Directions for this task
The entries below hold a line with "Теперь пробуем открыть" and a line with "모든 구리 회전 식 분지". Return those lines and all that lie between them, exactly and only.

Supplied material

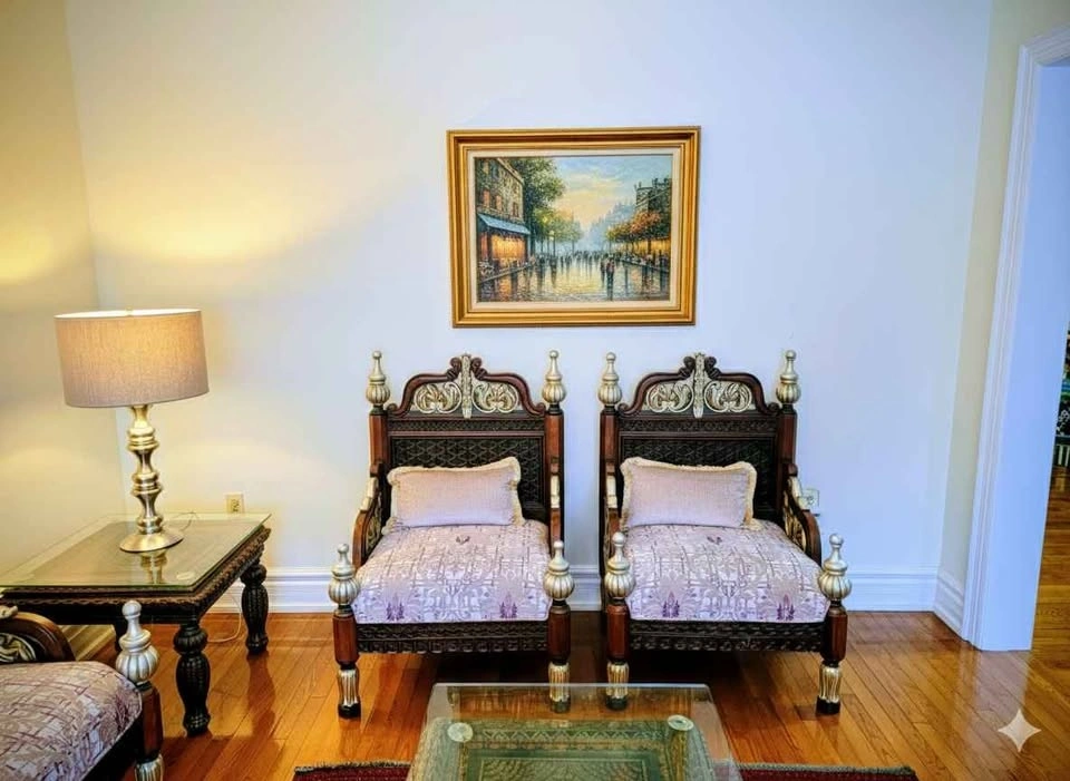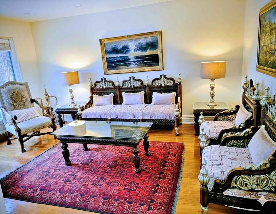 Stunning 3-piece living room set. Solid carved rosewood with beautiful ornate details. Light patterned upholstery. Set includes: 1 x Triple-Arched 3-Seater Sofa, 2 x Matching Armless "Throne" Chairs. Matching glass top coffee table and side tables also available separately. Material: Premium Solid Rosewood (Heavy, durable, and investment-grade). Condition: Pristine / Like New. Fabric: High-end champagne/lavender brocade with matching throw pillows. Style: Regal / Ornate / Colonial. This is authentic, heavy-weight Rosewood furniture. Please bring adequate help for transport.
==
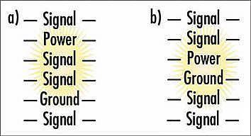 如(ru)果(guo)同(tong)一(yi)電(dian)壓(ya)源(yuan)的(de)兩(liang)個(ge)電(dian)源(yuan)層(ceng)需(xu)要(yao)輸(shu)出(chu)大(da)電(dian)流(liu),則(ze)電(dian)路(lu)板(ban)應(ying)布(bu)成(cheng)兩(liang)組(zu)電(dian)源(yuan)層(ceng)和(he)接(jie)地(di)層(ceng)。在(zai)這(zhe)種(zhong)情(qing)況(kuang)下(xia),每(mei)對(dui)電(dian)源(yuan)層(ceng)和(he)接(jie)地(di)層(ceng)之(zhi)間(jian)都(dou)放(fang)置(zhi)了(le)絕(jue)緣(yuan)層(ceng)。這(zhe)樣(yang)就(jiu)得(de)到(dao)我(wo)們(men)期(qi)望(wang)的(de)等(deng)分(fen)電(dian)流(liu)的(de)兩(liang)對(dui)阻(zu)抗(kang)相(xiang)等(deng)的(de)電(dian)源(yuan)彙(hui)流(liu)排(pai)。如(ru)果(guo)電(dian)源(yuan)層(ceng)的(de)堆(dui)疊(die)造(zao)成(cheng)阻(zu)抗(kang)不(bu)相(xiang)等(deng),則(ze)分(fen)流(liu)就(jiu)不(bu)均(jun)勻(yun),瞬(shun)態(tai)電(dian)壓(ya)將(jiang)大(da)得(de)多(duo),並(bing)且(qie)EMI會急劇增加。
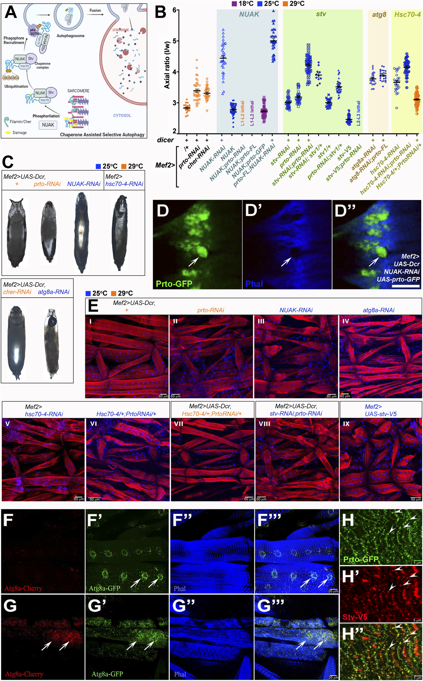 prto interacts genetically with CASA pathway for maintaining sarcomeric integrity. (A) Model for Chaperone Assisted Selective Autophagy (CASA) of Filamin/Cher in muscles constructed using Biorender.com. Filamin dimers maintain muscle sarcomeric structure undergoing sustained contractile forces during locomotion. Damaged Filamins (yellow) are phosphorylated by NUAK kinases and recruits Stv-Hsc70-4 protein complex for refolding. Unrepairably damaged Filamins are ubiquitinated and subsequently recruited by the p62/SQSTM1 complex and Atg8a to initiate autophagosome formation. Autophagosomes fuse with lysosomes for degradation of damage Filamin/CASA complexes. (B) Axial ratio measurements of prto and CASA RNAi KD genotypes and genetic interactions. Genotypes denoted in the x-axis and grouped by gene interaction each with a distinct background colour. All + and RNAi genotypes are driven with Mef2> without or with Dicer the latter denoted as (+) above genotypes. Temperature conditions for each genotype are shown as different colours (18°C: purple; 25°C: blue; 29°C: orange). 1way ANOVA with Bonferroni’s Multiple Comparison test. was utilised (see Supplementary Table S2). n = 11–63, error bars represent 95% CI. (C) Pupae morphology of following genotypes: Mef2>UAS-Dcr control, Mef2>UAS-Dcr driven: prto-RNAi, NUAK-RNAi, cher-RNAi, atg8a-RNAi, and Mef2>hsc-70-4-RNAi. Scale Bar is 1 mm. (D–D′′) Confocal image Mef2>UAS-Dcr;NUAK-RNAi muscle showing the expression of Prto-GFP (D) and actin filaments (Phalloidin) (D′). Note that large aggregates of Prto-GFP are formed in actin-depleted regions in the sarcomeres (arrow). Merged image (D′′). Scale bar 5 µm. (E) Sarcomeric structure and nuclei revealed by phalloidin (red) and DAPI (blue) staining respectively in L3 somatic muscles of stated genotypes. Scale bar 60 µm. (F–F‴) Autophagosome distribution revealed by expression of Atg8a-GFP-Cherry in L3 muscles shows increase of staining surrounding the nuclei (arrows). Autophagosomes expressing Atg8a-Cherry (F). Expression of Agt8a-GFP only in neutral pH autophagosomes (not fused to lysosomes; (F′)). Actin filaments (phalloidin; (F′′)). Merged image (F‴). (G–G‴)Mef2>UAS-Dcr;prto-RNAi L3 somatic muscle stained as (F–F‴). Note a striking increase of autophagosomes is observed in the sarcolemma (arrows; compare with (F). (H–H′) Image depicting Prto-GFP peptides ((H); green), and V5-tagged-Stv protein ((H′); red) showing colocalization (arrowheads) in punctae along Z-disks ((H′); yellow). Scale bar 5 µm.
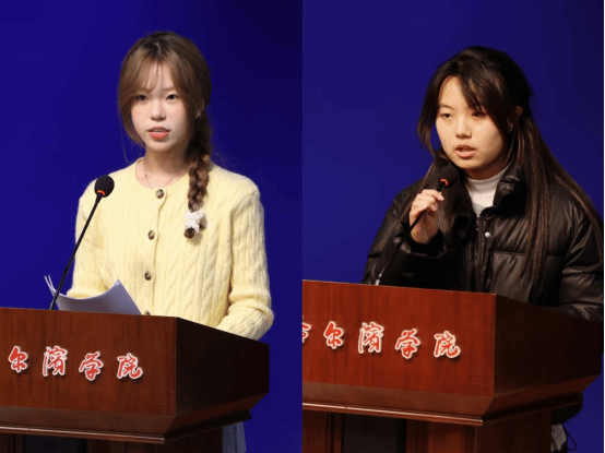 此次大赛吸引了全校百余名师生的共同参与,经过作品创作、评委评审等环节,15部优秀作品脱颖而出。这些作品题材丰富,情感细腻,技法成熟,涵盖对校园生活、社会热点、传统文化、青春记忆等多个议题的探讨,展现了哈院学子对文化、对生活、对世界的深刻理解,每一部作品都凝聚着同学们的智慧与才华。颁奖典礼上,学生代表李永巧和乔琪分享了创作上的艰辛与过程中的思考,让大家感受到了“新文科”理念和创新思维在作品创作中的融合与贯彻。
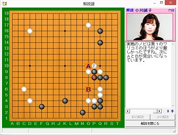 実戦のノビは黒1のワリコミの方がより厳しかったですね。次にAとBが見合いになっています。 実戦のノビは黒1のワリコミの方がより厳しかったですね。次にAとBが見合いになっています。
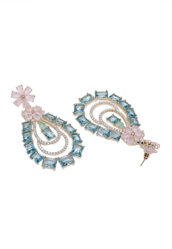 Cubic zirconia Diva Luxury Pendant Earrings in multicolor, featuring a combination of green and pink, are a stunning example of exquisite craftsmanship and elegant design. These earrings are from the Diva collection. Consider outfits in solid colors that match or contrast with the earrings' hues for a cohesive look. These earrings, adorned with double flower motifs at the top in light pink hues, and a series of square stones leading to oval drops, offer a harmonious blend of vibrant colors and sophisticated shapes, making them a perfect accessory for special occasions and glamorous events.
==
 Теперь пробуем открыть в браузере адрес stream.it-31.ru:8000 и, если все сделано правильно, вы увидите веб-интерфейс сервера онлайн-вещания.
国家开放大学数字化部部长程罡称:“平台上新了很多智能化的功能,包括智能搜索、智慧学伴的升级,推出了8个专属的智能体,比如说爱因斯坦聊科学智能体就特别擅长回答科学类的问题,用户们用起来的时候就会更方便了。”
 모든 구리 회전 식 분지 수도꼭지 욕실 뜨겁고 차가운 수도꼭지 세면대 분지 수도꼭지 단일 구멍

Answer box
 Теперь пробуем открыть в браузере адрес stream.it-31.ru:8000 и, если все сделано правильно, вы увидите веб-интерфейс сервера онлайн-вещания.
国家开放大学数字化部部长程罡称:“平台上新了很多智能化的功能,包括智能搜索、智慧学伴的升级,推出了8个专属的智能体,比如说爱因斯坦聊科学智能体就特别擅长回答科学类的问题,用户们用起来的时候就会更方便了。”
 모든 구리 회전 식 분지 수도꼭지 욕실 뜨겁고 차가운 수도꼭지 세면대 분지 수도꼭지 단일 구멍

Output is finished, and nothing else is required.